College is not the best career path for many unprepared to make that journey.
One of the big appeals to the recent Bernie Sanders’ campaign was the platform plank that wanted to allow everyone to attend college for free, or at least subsidized in some way. The plank was so well-received by the young Democrats that Secretary Clinton began to endorse a version of the idea that a college education is a right that should be provided by the government.
But, far from being a right to be granted by some overseeing form of governing, a college degree is not exactly the right thing for many people. A segment of the nation’s population will not be able to complete the current requirements for a degree, even if the tuition is completely paid, and please don’t attack me for being racist or sexist. There are a large number of citizens of all colors and gender, who would simply be unable to earn the degree, unless the requirements were lowered to allow for such, which would sooner or later be advocated by some.
A college degree is an achievement, much as in the same way as winning Gold at the Olympics, and for some, just as difficult. Some students, though I wish it were not so, have trouble getting out of high school and would struggle mightily trying to continue their education for four more years.

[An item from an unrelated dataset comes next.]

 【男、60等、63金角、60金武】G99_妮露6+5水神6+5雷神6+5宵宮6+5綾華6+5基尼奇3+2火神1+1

You can debate the reasons behind the failure of some students to grasp the fundamentals of high school teachings, but regardless of the reason, the condition exists.
Early on, Affirmative Action provided a glimpse of the problems with unprepared students going to college, in that poorly prepared black students were admitted to universities to fulfill racial quotas, and either failed out or faced an overwhelming hurdle just trying to catch up with their fellow classmates, who were selected based on high test scores and grade point averages.

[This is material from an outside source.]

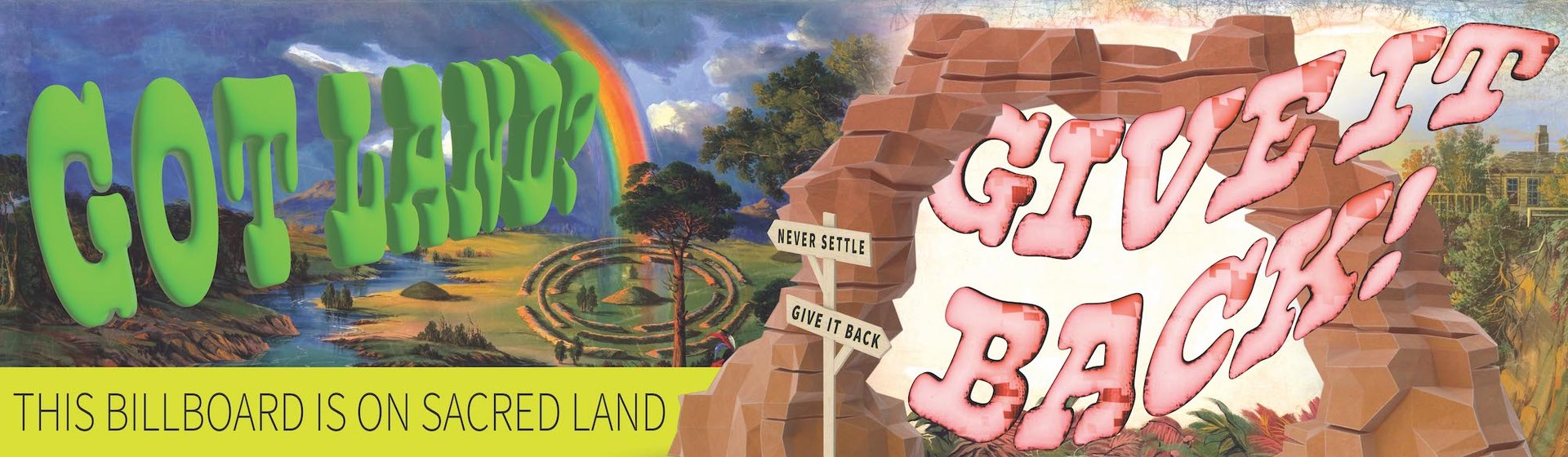 New Red Order, Give it Back: Stage Theory (2023), billboard at Sugarloaf Mound Commissioned by Counterpublic 2023

The hard truth is that college is not for everyone. And you don’t have to have a college degree to be successful in life or to get a good-paying job. Well-trained technicians are always in high demand, and that is where many of the resources need to be focused.

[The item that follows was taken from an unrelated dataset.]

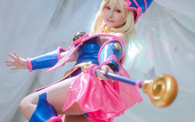 鮮やかなピンク×ブルーで大魔法! 天音ありぃ、『遊☆戯☆王』ブラックマジシャンガールのセクシーなコスプレを披露
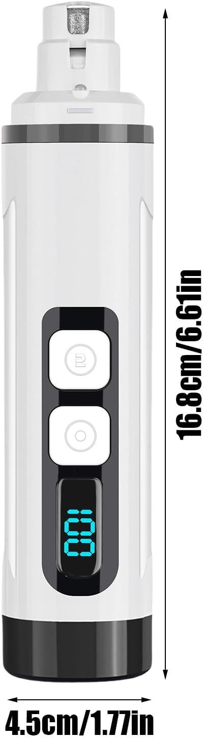 Digital Display for Precision: Equipped with a digital display, this nail grinder allows you to monitor battery life and adjust the speed, ensuring you always have the right amount of power for your pet’s nails

High schools around the country should begin to offer courses designed to prepare those who are unlikely to attend colleges or universities for work in the industrial fields, instead of the one-size-fits-all approach. Auto mechanics, heating and cooling repair, construction work are all respectable jobs for young people to desire and there is a need across the nation for those types of workers.
Perhaps we should look at an optional extra two years added to the high school curriculum that would only teach advanced technical opportunities, similar to the current trade school set-ups. These programs should focus on the trades suited to their particular area. I would imagine large industries would also be willing to provide grants and monies to the programs, if they would be able to reap the benefits of skilled workers available to them upon graduation. One of the highest costs of most industries is training and re-training a skilled work force.
This would also have the most benefit to the lower-income segment of the population, arguably the ones that most need assistance, and give many a realistic hope of escaping the poverty and despair that has plagued their families for generations.
And it not necessarily has to be confined to the technical aspect, as service industries are always looking for skilled shift managers in restaurants, hotels and motels, and retail. Service management training could also be included for those inclined to work in these areas.
Student loan debt is quite a burden for today’s graduates, but the fact they were willing to work hard to achieve the degree shows they have the discipline necessary to overcome the debt, over a period of time.
A better investment would be to lift the lower-income students out of poverty by assisting them to get good-paying jobs, live in better neighborhoods with better schools that will prepare their children to attend college when the time is right.
If you need evidence that it will work, that is exactly what our parents did back in post-war times. End the cycle of poverty by providing work to young people, and the cost of college will take care of itself.